Victoria's roadmap to freedom leaves many 'despondent'

Melbourne's Lord Mayor said a planned roadmap out of lockdown has seen many react with "despondency", feeling the announcement doesn't go far enough.

The four-step plan hinges on vaccination rates, with Melburnians able to participate in outdoor recreational activities like golf and cricket once Victoria hits the milestone of 80 per cent of the eligible population receiving their first dose of a COVID-19 vaccine.

That milestone is expected to be reached about September 26.

When 70 per cent of the eligible population had had their second dose, which is expected to be October 26, lockdown will end.

READ MORE: Victoria's roadmap to freedom revealed

But the roadmap has been criticised for being too cautious, particularly businesses facing the prospect of several more weeks of closure.

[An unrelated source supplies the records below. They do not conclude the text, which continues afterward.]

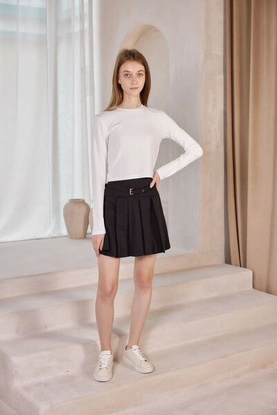 Юбка длины мини в крупную складку, дополненная широким отрезным поясом со шлевками под ремешок в тон. Имеет застежку на потайную молнию сбоку. Отлично сочетается с топами, футболками и рубашками.
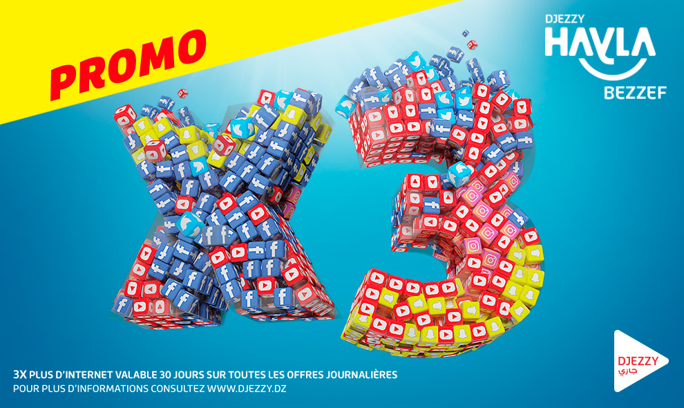 Toujours plus proche de ses clients, Djezzy revient avec une nouvelle promotion HAYLA BEZZEF en direction des petits budgets en leur offrant le triple du volume internet et cela pendant un mois.
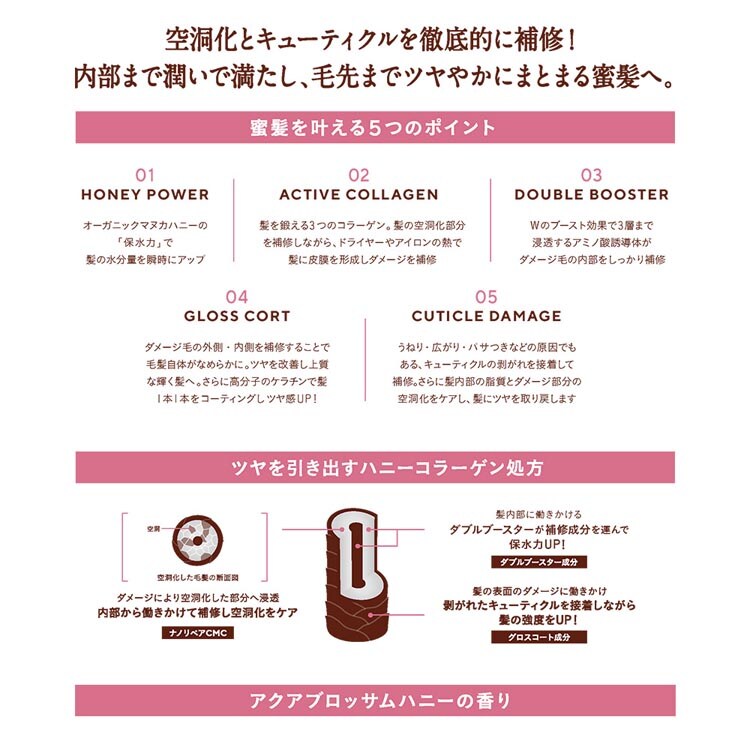 ●髪内部の水分量を保持するオーガニックマヌカハニー*1や、髪のダメージをケアする3種のコラーゲン*3など、髪本来の輝きを魅き出す美髪成分を厳選して配合。
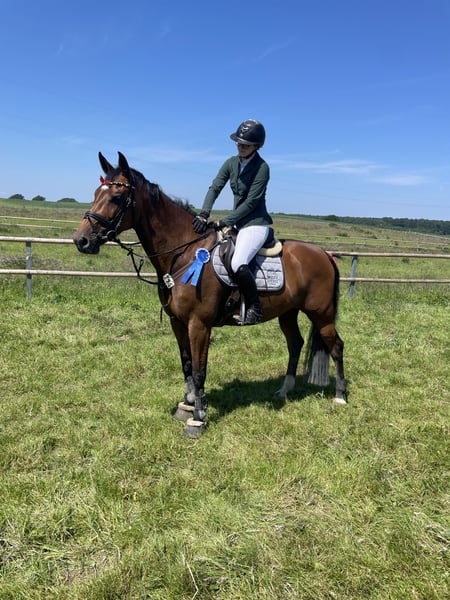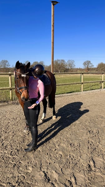 For sale is our talented and very affectionate show jumping mare with excellent pedigree, Stamm 1298 – Clarimo/Caretino/Cassini I. The mare has already competed successfully in class A jumping competitions and consistently strives to stay clear. In dressage work, she impresses with three good basic gaits. She has been trained up to level L and shows significant potential for further development. Beyond her sporting qualities, she is especially notable for her friendly and human-oriented character. She is very well-behaved, calm, and relaxed in handling. She enjoys attention, loves being pampered, and is always enthusiastic about relaxed rides in the countryside. She is also very well-behaved when it comes to the farrier and loading onto the trailer. Thanks to her rideability and talent, she is suitable for ambitious junior riders as well as for riders aiming to compete in higher jumping classes. With professional training, she can certainly further develop her potential in show jumping. Her outstanding pedigree also makes her attractive to breeders. The sale will only be made to responsible and suitable new owners, as her future well-being is very important to us. Due to lack of time, we can only dedicate ourselves intensively to a limited number of horses. If you are genuinely interested, we look forward to hearing from you. +49 162 6643833
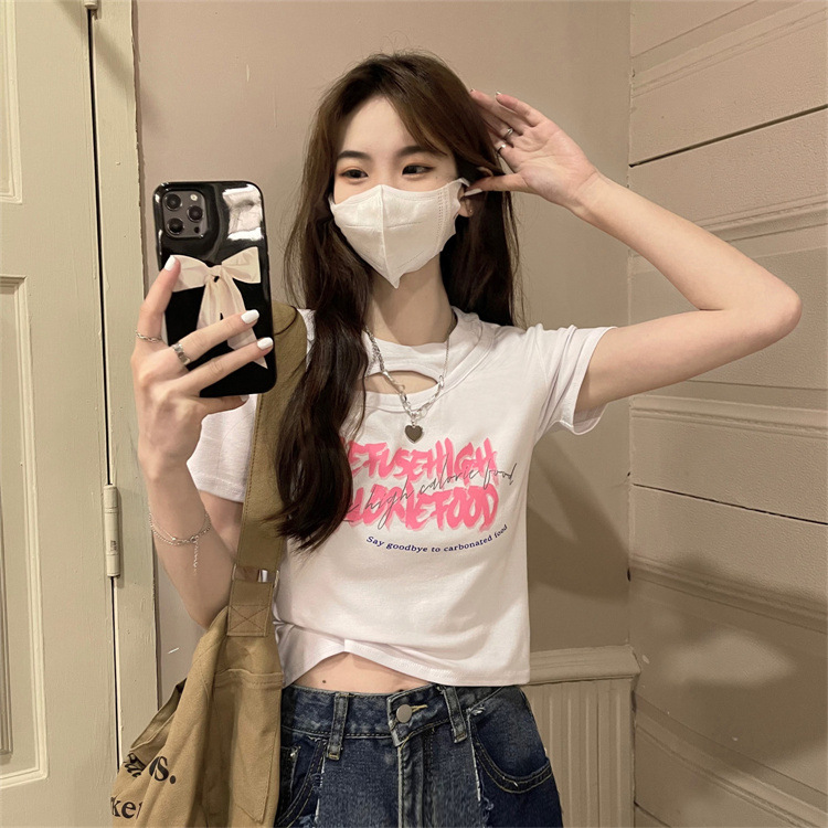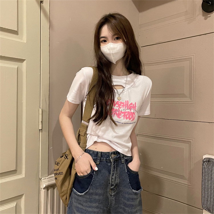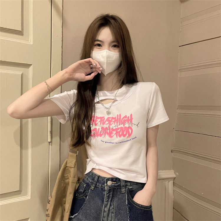 美式辣妹镂空短款T恤女夏季2025新款设计感修身显瘦短袖学生上衣

"The immediate response has been really despondency," Sally Capp told Today.

"People were hoping for much bigger steps forward and these have really been baby steps."

Melbourne is due to reach 230 days in lockdown by the time the restrictions are lifted.

READ MORE: Sydney's former hotspot suburbs wake to new freedoms

"Unfortunately, the baby steps forward mean that we will definitely be the city that's had the most lockdown days in the world; that even as we start to reopen, those steps are very incremental when people were hoping to step more confidently into the future," Ms Capp said.

"I think because Victorians have been so good, so compliant, so respectful of the rules, they're wanting something back from the State Government to recognise that effort, and it isn't really demonstrated in these first two steps."

But Australia's former deputy chief medical officer Dr Nick Coatsworth says it was modelling from the Burnett Institute, that informed the roadmap, that was "a little bit overcautious".

"I think any road map that shows us a way where these restrictions are going to be lifted is welcome," Dr Coatsworth told Today.

A crowded Edinburgh Gardens, Fitzroy , Melbourne.

"There's a case to be made that the modelling is a little bit overcautious, a little bit overrepresenting the likely impact on the Victorian health system.

"When you look at most models around the world - and we have real-life examples of this in the United Kingdom - they show a certain picture which is doom and gloom and the reality is substantially less.

"We have a real-life example of that in NSW, where the Burnet Institute predicted far worse than is going on in NSW at the moment.

"I think Victorians have an advantage here which is to see what happens with NSW and adjust policy accordingly. They are looking at what's going on in real life in NSW and hopefully that will show a pretty optimistic spring and summer for NSW and the rest of Australia."

Yesterday Victoria recorded 507 new cases of coronavirus and one additional death.